### DATA TO USE
+ + +

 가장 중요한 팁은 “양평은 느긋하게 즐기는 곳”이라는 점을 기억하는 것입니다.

+ + +

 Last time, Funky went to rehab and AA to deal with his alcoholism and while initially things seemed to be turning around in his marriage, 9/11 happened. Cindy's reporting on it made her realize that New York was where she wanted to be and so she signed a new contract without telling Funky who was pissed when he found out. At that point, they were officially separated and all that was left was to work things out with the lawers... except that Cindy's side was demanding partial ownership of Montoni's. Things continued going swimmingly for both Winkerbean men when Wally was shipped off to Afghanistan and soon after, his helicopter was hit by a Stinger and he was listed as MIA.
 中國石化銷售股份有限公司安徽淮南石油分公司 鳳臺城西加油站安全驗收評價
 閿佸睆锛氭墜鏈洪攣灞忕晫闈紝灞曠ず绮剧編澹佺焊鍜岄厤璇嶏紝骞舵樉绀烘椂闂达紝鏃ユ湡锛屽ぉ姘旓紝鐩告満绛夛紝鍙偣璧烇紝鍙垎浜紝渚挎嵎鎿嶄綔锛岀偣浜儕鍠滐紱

+ + +

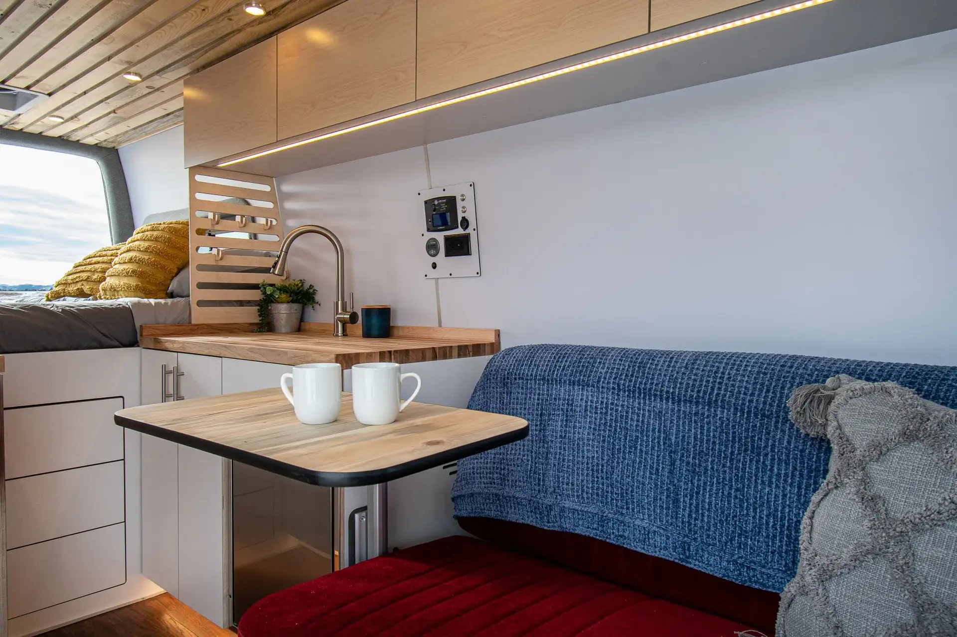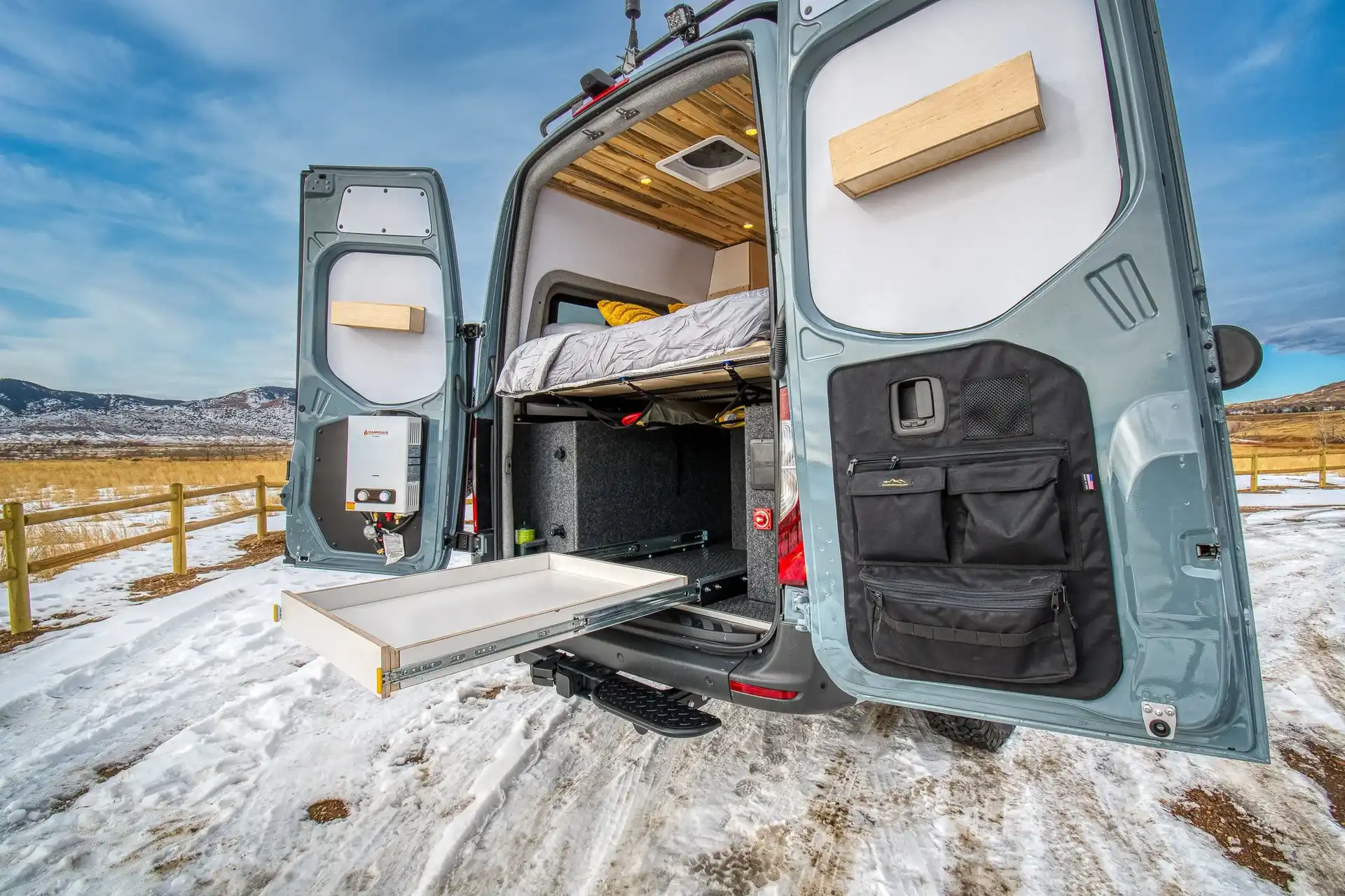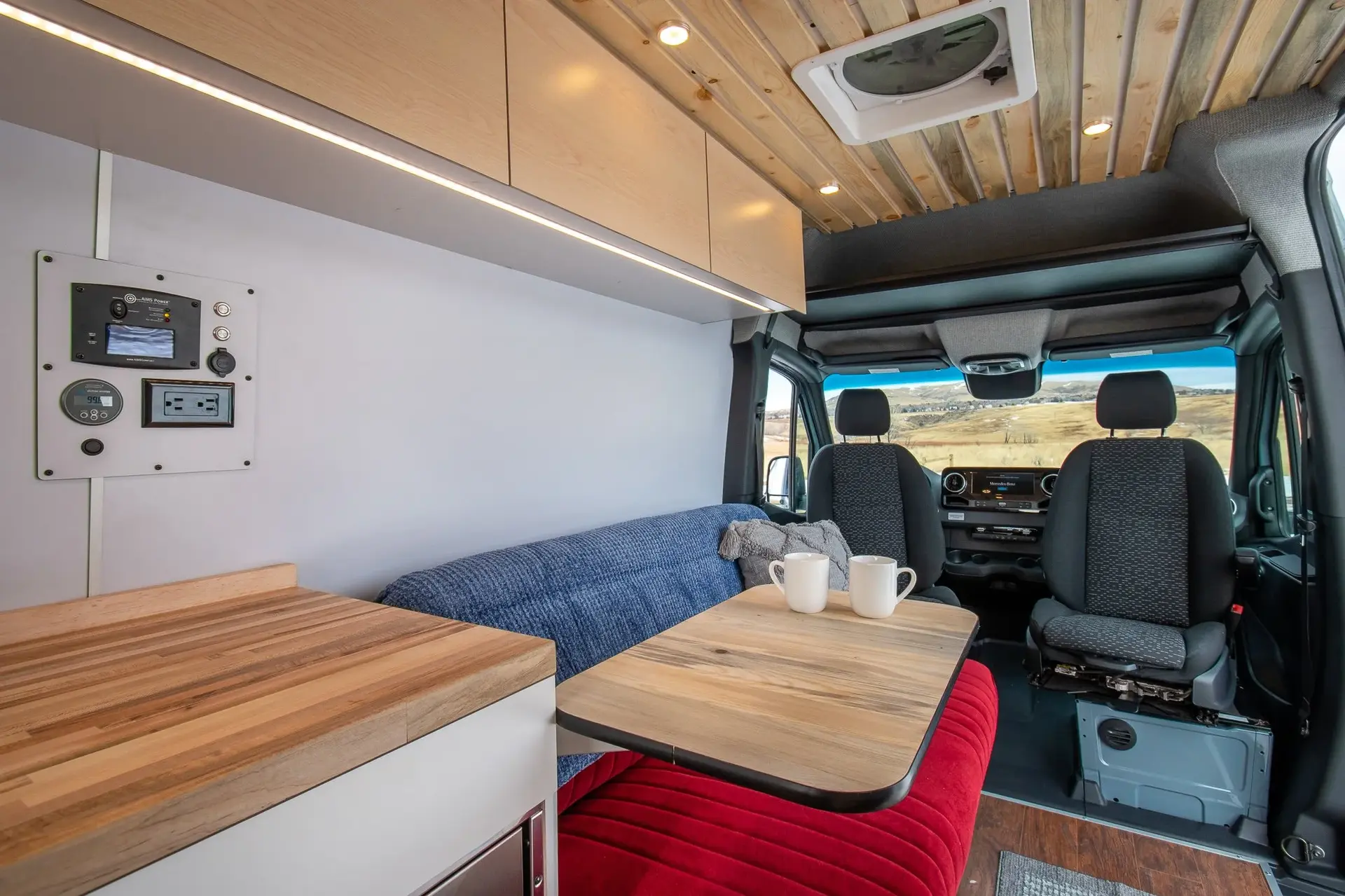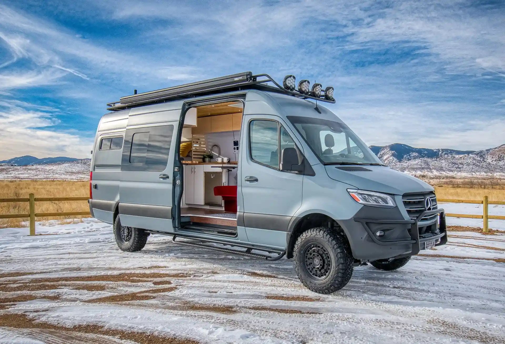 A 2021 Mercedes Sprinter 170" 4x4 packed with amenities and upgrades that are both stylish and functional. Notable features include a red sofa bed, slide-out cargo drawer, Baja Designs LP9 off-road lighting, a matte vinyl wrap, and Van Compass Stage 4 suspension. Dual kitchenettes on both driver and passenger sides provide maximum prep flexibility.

+ + +

### TASK GOAL
Of the lines above, output exactly those from the line bearing "中國石化銷售股份有限公司安徽淮南石油分公司 鳳臺城西加油站安全驗收評價" through the line bearing "閿佸睆锛氭墜鏈洪攣灞忕晫闈紝", inclusive.

### ANSWER FOR THE TASK
 中國石化銷售股份有限公司安徽淮南石油分公司 鳳臺城西加油站安全驗收評價
 閿佸睆锛氭墜鏈洪攣灞忕晫闈紝灞曠ず绮剧編澹佺焊鍜岄厤璇嶏紝骞舵樉绀烘椂闂达紝鏃ユ湡锛屽ぉ姘旓紝鐩告満绛夛紝鍙偣璧烇紝鍙垎浜紝渚挎嵎鎿嶄綔锛岀偣浜儕鍠滐紱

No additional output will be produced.